Similar to Don Quixote’s obsession that he was a knight out on a noble quest, my incessant reading of CFPB publications has cast me down a path that is no less fantastical. Rather than fight against this effect, I’m choosing to steer into the mental skid.

There are many industry responses on the recently published CFPB white paper on manufactured housing. Those lamenting the inadequate attention the Bureau gave to realties in our market and glancing over things like cost of funds, interest rate risk, borrower risk, lack of secondary market, and portfolio based lending are all well founded. For more on this I’d suggest Dick Ernst article Deconstructing the High Cost Mortgage Loan. In my two earlier drafts I did this too. And for follow up articles after I come back from my journey today atop my skinny stead, Rocinante, I might publish them as well.

But not today.

Today I’m asking that you travel with me and my trusty sidekick, Sancho, off into a distorted reality of a world of my creation. So indulge me for a little while, even if some of the suggestions are as preposterous as fighting windmills I believe to be giants. For this is my Don Quixote journey compelled by my most recent reading of the CFPB white paper on manufactured housing.

BACKGROUND

Before jumping into my La Mancha, a quick bit of context could be helpful for those not as familiar with recent CFPB happenings.

On September 30, the CFPB published a white paper on manufactured housing. If one were inclined to give the CFPB the benefit of the doubt, you could conclude they tried their best to present an objective analysis of our industry without injecting any intentional or unintentional biases. Of course, there are those that will assert they did not achieve this, and others still that claim this was never their intention. My goal will be to stay more positive than the cholericly tempered literary counterpart in my feeble attempt at analogy, but forgive my moments of weakness when certain angers are irrepressible (Note: I’m trying to up my level of analogy by turning to classic literature, but worry not as I’m sure Star Wars and Lord of the Rings themed articles will dominate my future efforts).

The white paper identifies the following seven “key findings:”

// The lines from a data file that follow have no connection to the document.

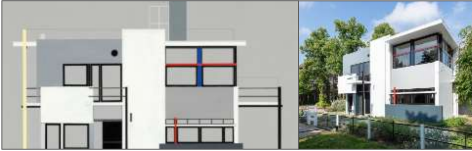
Fig.5 : La façade sud, Vue extérieure de la maison Schröder ,1924

Rietveld est également célèbre pour sa création emblématique, la chaise bleu-rouge, qui incarne parfaitement les principes du mouvement De Stijl (voir fig. 6).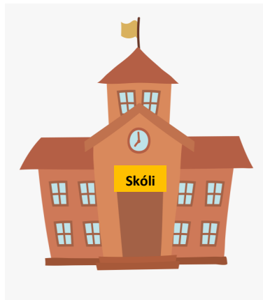
Fara í skóla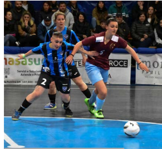
Una fase di gioco di Littoriana-FB5

i playoff: Nova 7 e Frosinone hanno trasferte dure contro FB5 e PMB, Fondi e Colferro chiedono strada a Maranola e Civitavecchia. Pontinia-Club Sport vale il terzo gradino del podio.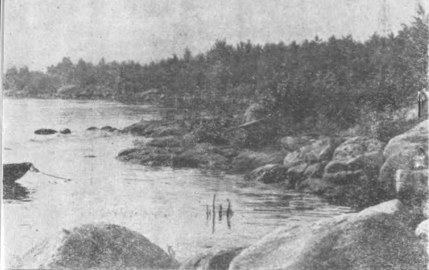
Берег острова Хортица

рокне, чарующие дали Днепра: огромный величавый водный простор, живописные берега. Впереди — огромное море).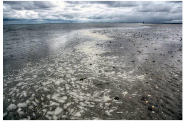
Side 7 Optakt til Vadehavsturen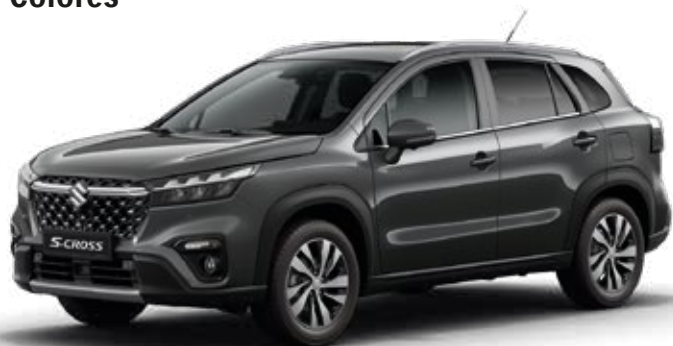
Gris Oscuro Titán Perlado Metalizado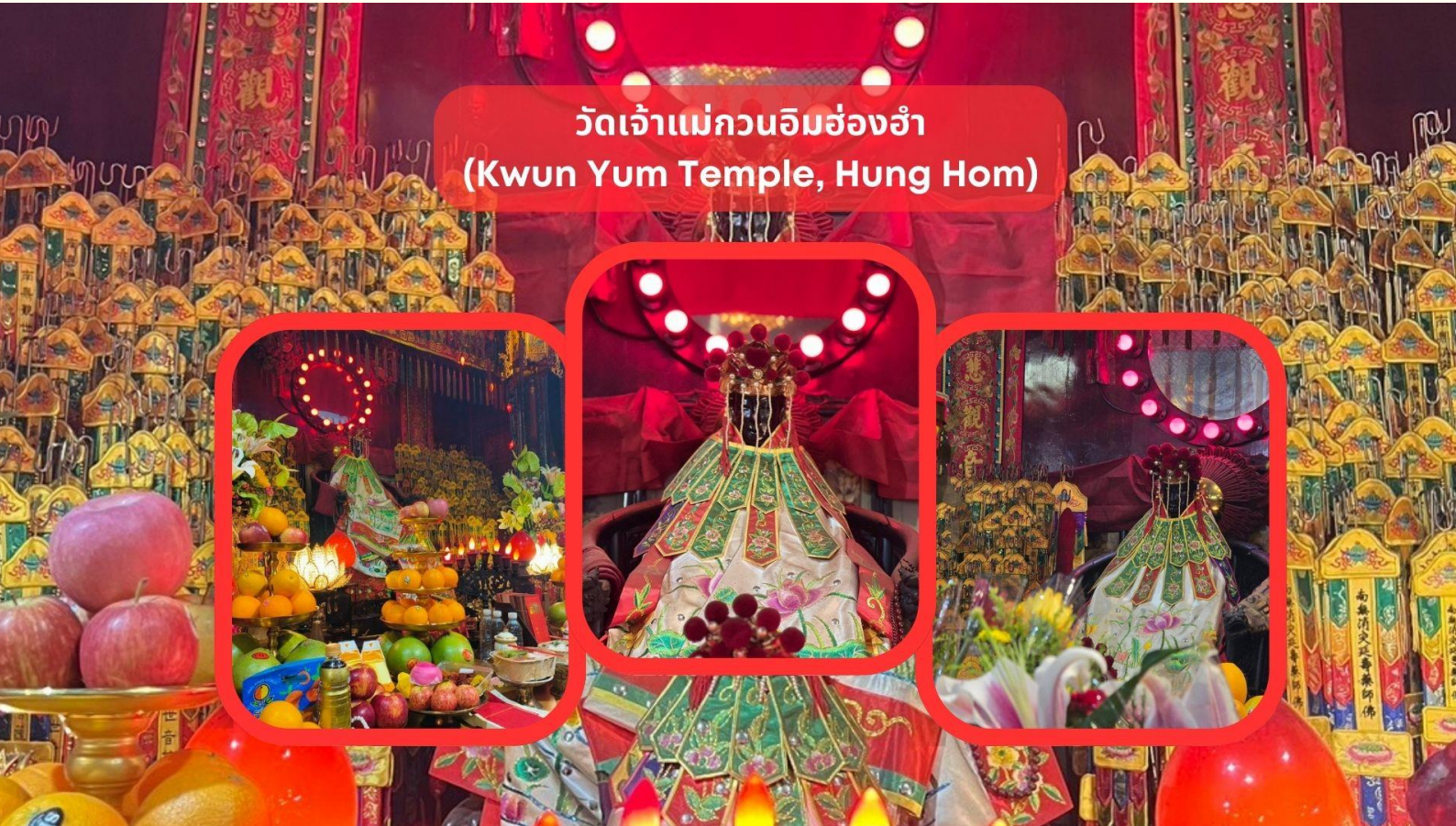
วัดเจ้าแม่กวนอิมฮ่องกง (Kwun Yum Temple, Hung Hom)

รับประทานอาหารเช้า ณ ภัตตาคาร บริการท่านด้วยเมนูติ่มซำฮ่องกง (มื้อที่ 2)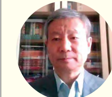
中国艺术学理论学会副秘书长田川流教授

  1. Manufactured housing is disproportionately located in non-metropolitan areas.
  2. Compared with residents of site-built homes, manufactured-housing residents are somewhat more likely to be older and tend to have lower incomes or net worth.
  3. Manufactured homes typically cost less than site-built homes.
  4. About three-fifths of manufactured-housing residents who own their home also own the land it is sited on.
  5. An estimated 65 percent of borrowers who own their land and who took out a loan to buy a manufactured home between 2001 and 2010 financed the purchase with a chattel loan.
  6. Manufactured-home owners typically pay higher interest rates for their loans than site-built borrowers.
  7. The current state of manufactured housing production, retail, and financing reflects in part a rapid growth during the 1990s and subsequent sharp contraction.

If you would like to see the press release from the CFPB you can find it here:

If you want to read the 54 page white paper you can find it here:

http://www.mhpronews.com/home/industry-news/industry-in-focus/8460-cfpb-report-alleges-manufactured-housing-lending-is-expensive-sparks-controversial-comments-from-cfed-mhi-and-other-mh-industry-professionals (Editor's note: See download at the link above.)

I’m not going to address in detail or systematically attack the CFPB assertions. Quite the opposite.

I’m going to assume the basis for the examination of our industry and the subsequent white paper was intended to drive future policy based decisions and discussions. Where I might differ with the regulators is where I think the facts they have compiled should direct us, and the questions it brings to light that should be the focus of their future efforts.

However, I have a feeling my policy proposals will only come to be in fantasy and not in reality. But come on Sancho; I’m sure this will only hurt a little.

Here is my list:

  1. Why is manufactured housing disproportionately located in non-metropolitan areas? Shouldn't the policy be of inclusion and consumer choice rather than exclusion and limits?
  2. Wouldn’t it be nice if the housing playing field were level, markets not artificially influenced by selective polices, and either the removal of subsidies or, alternatively, bring the subsidization to manufactured housing to compete, rather than stacking the deck against us?
  3. Why was there no attention given to existing state laws, regulations, consumer complaint levels and consumer notices? And why does the white paper read as though there is a critical and immediate need for more regulations and notices?

WHY ARE CITIES STILL ALLOWED TO HATE US?

The white paper does list factors as to why manufactured housing is more of a rural housing option and not in more populated metropolitan areas. They mention zoning prohibitions as a contributing factor. Those of us in the industry know this is the factor limiting manufactured housings’ presence in urban settings. The question this should spawn is whether or not it is good policy to allow cities this type of prohibition. With new, modern, efficient, heavily regulated manufactured homes, what is the public policy that benefits a city from prohibiting manufactured homes and what are the benefits to removing these restrictions?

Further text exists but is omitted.